The Oregon Department of Revenue has adopted a temporary rule, OAR § 150-305.100-(C), effective October 15, 2009, and a news release related to the current tax amnesty program that runs from October 1 through November 19, 2009. The rule explains the application process, acceptable installment plans, and details on the post-amnesty penalty. The program will apply to personal income taxes, corporate income and excise taxes, trust and estate income taxes, and Lane and Tri-Met Transit District self-employment taxes. (Oregon News Release, 10/28/2009)

Application process. In order to be eligible for amnesty, a participant must file an application within the amnesty period on a form prescribed by the Department. Applications are due on or before November 19, 2009 and must be complete and signed by the participant(s). Applications that are not complete or received after November 19, 2009, will not be accepted and the participant will not qualify for the amnesty being sought on that application. Amnesty returns can be filed with or after the application but are due no later than January 19, 2010. Amnesty returns that are not complete or are received after January 19, 2010 will not qualify for the amnesty being sought and all amnesty-related waivers of penalty and interest will be disallowed. Disqualified amnesty returns will be processed as if there had been no amnesty program.

Installment payments.
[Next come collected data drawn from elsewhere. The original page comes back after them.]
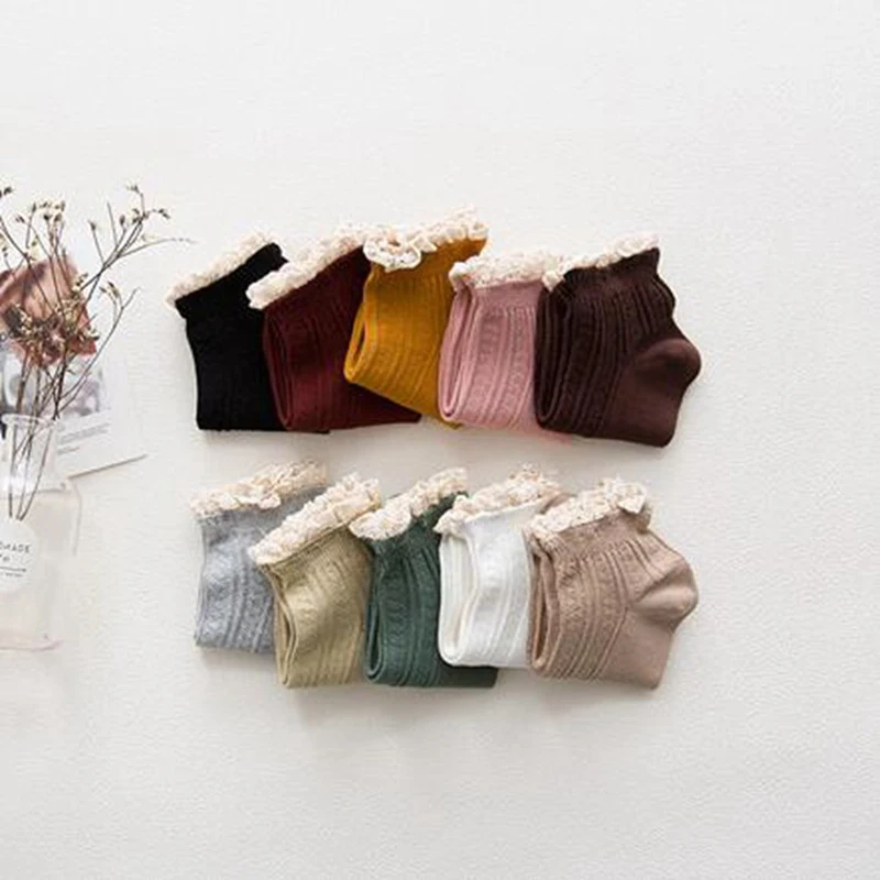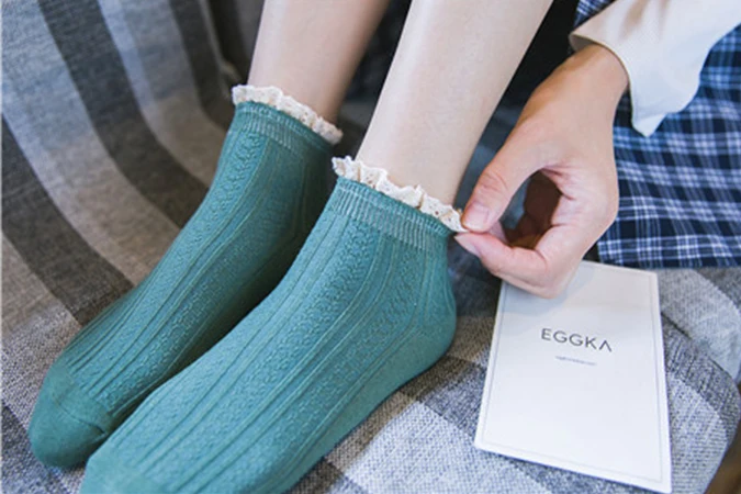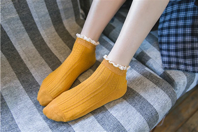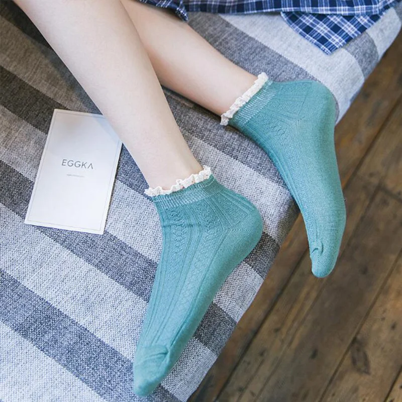 1 пара, женские короткие носки, удобные мягкие хлопковые носки с кружевным принтом, повседневные модные однотонные короткие носки для девочек в простом стиле
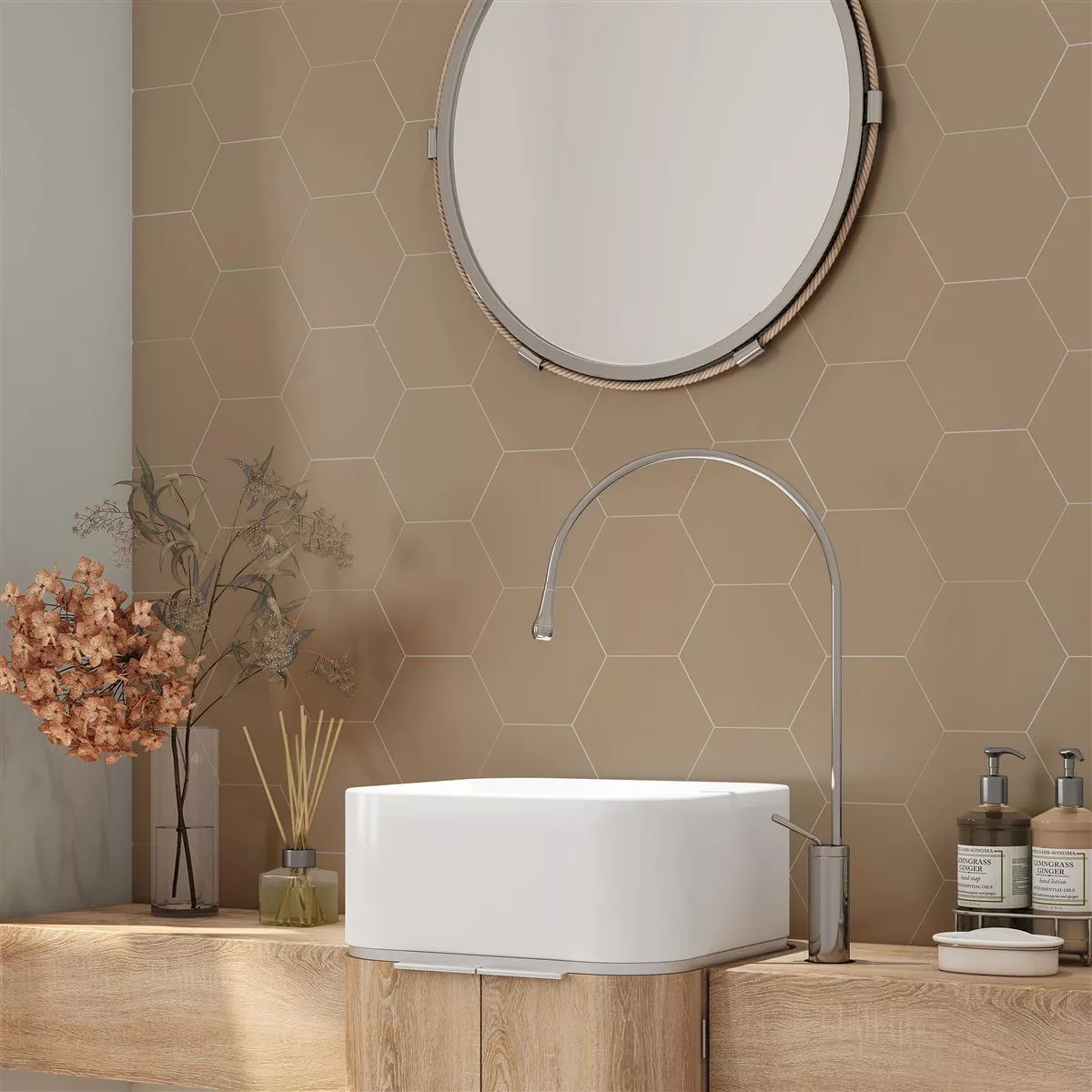 Los azulejos de gres porcelánico “Modena Hexagon Uni Sand” combinan estética y funcionalidad en uno. Con un llamativo diseño hexagonal, crean una atmósfera única en tu zona húmeda, ducha, baño, cocina, salón y zona interior. Con un grosor de 10 mm, ofrecen una base sólida, mientras que la resistencia al deslizamiento R10 garantiza la seguridad.
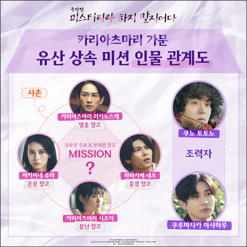 토토노 앞에 난데없이 나타나 사건을 부탁하면서 사사건건 티키타카 케미스트리를 빚는 의뢰인 시오지 역의 하라 나노카부터 마치다 케이타, 하기와라 리쿠, 시바사키 코우 등 일본을 대표하는 배우들이 카리아츠마리 가문의 예비 상속자들로 매력을 더하며 극을 풍성하게 만든다.
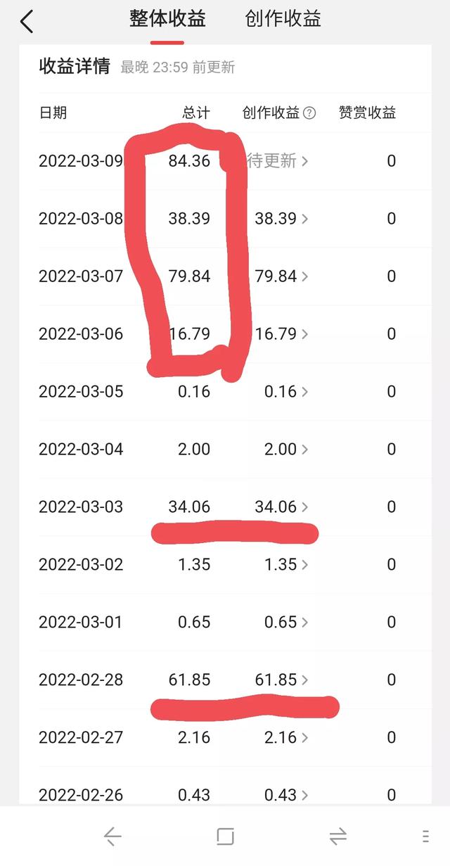 最近这两三年。虽然有时偶尔几天也存在断更的现象。但是总的来说。我都坚持下来了。收入虽然不是太稳定。但是一直有。看到这些收入。无论高低。自己还是挺开心的。
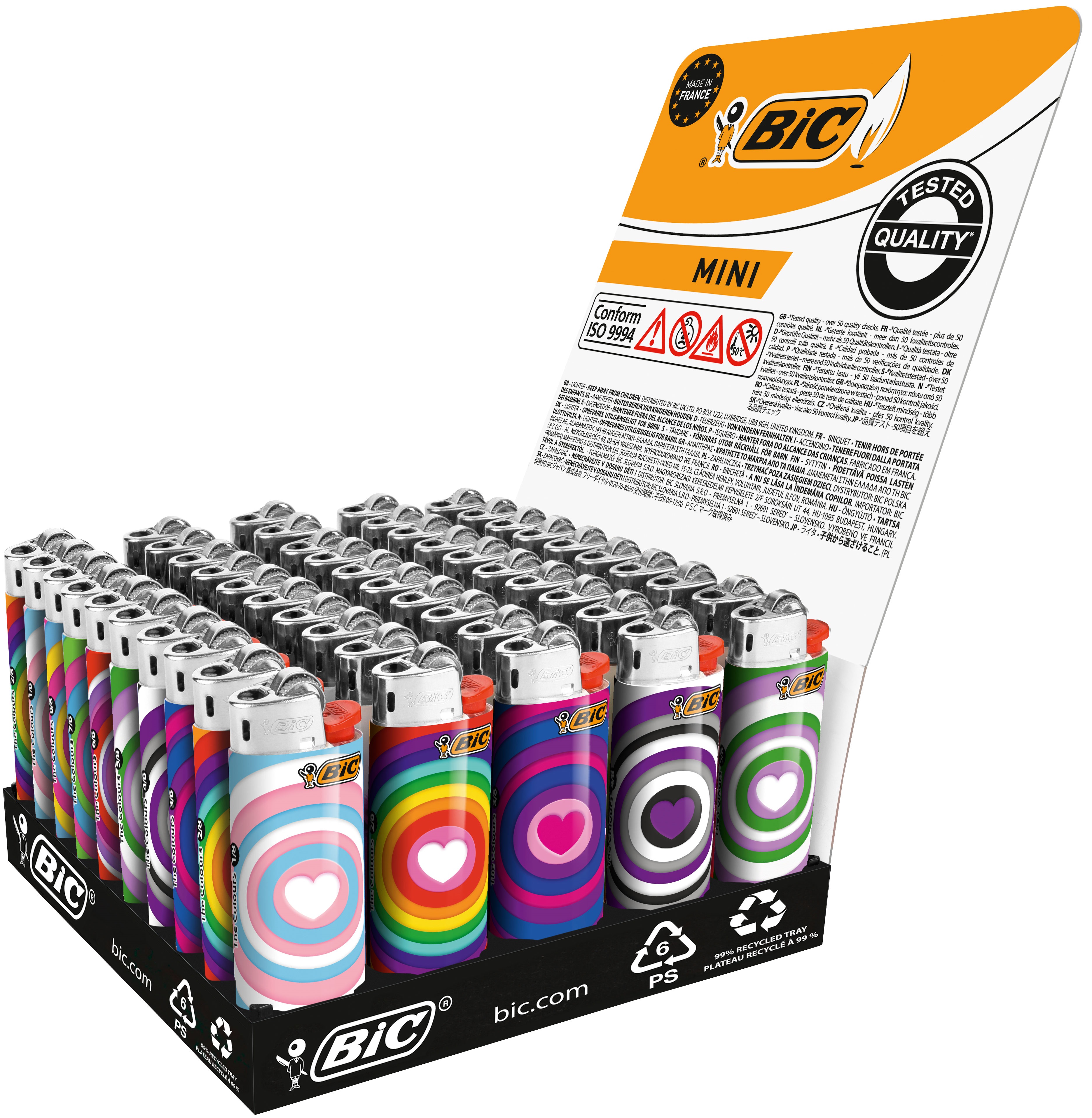 Mini BiC Motiv, kindergesichert, mit EAN-Sticker, im 50er Aufsteller, Motiv - Colors (Hier wird´s bunt! Für jeden die passend Farbkombination) Mengenstaffel mit anderen Motiven kombinierbar
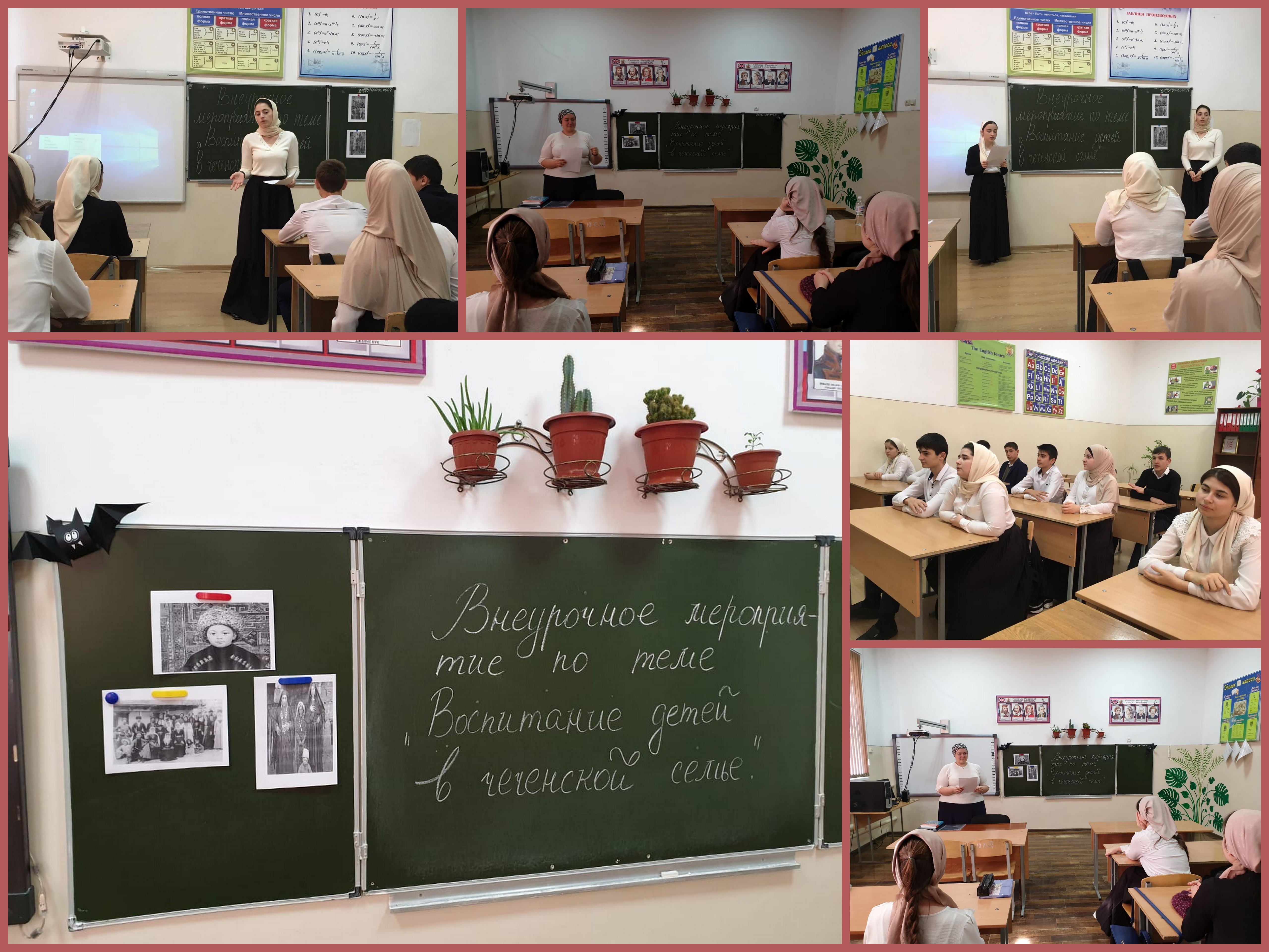 Система трудового воспитания у чеченцев имеет глубокие и далекие традиции, в которых отражены любовь и уважение к труду и людям труда, к своей профессии, к ценностям, созданным трудом, любовь к земле и т. д. Из поколения в поколение передавались эти традиции. Сложившаяся система отношений чеченской семьи и ее трудовая деятельность были арсеналом воспитательных средств чеченцев. Воспитание осуществлялось в контексте с реальной трудовой деятельностью, и традиции были непосредственно вплетены в процесс жизни. Эти и другие вопросы были обсуждены с обучающимися на внеурочном мероприятии классными руководителями и детьми.

Amnesty participants can enter into an installment payment agreement with the Department to satisfy an amnesty liability by making regular monthly, or more frequent, payments over a designated period of time. No agreement may extend beyond May 31, 2011 and participant(s) must satisfy all amnesty liabilities on or by May 31, 2011. If an amnesty participant fails to fully comply with the terms of an installment payment agreement, all amnesty-related waivers of penalty and interest will be disallowed. However, the participant may ask the Department to find that the failure to fully comply with the terms of the installment payment agreement was due to "reasonable cause." "Reasonable cause" exists when the participant exercises ordinary care and prudence in abiding by the terms of the installment agreement but was unable to comply with that agreement due to the participant's individual circumstances. If the Department makes such a finding, the installment payment agreement may resume, notwithstanding the failure to fully comply, subject to further conditions satisfactory to the Department and provided that full payment is received no later than May 31, 2011. Upon a Department finding of "reasonable cause" the participant will remain eligible for the penalty and interest waivers.

Post-amnesty penalty. Generally, the post amnesty penalty will be applied to any unpaid tax that is otherwise due for any tax year or reporting period for which amnesty could be sought and for which: (1) the taxpayer failed to apply (and file a return or report) for amnesty; or (2) the taxpayer filed for amnesty and underreported tax liability on the amnesty return. The Department will not impose the post amnesty penalty when an additional tax liability results from an adjustment made to a return by the Internal Revenue Service unless the service has finally imposed a penalty under Internal Revenue Code Sec. 6662, Internal Revenue Code Sec. 6662A, Internal Revenue Code Sec. 6663 or Internal Revenue Code Sec. 7201. In addition, the Department generally will not impose the post amnesty penalty under the following circumstances including, but not limited to, when an adjustment to a return occurs: (1) based on an arithmetical error or transposition of numbers on a return or schedule; (2) based on an inadvertent error made in calculating a depreciation tax deduction allowed to recover the cost or other basis of certain property allowed under the Internal Revenue Code or the Oregon Revised Statutes; and (3) based on an error or omission of an item of income, deduction or credit that results in an additional tax due that is de minimis.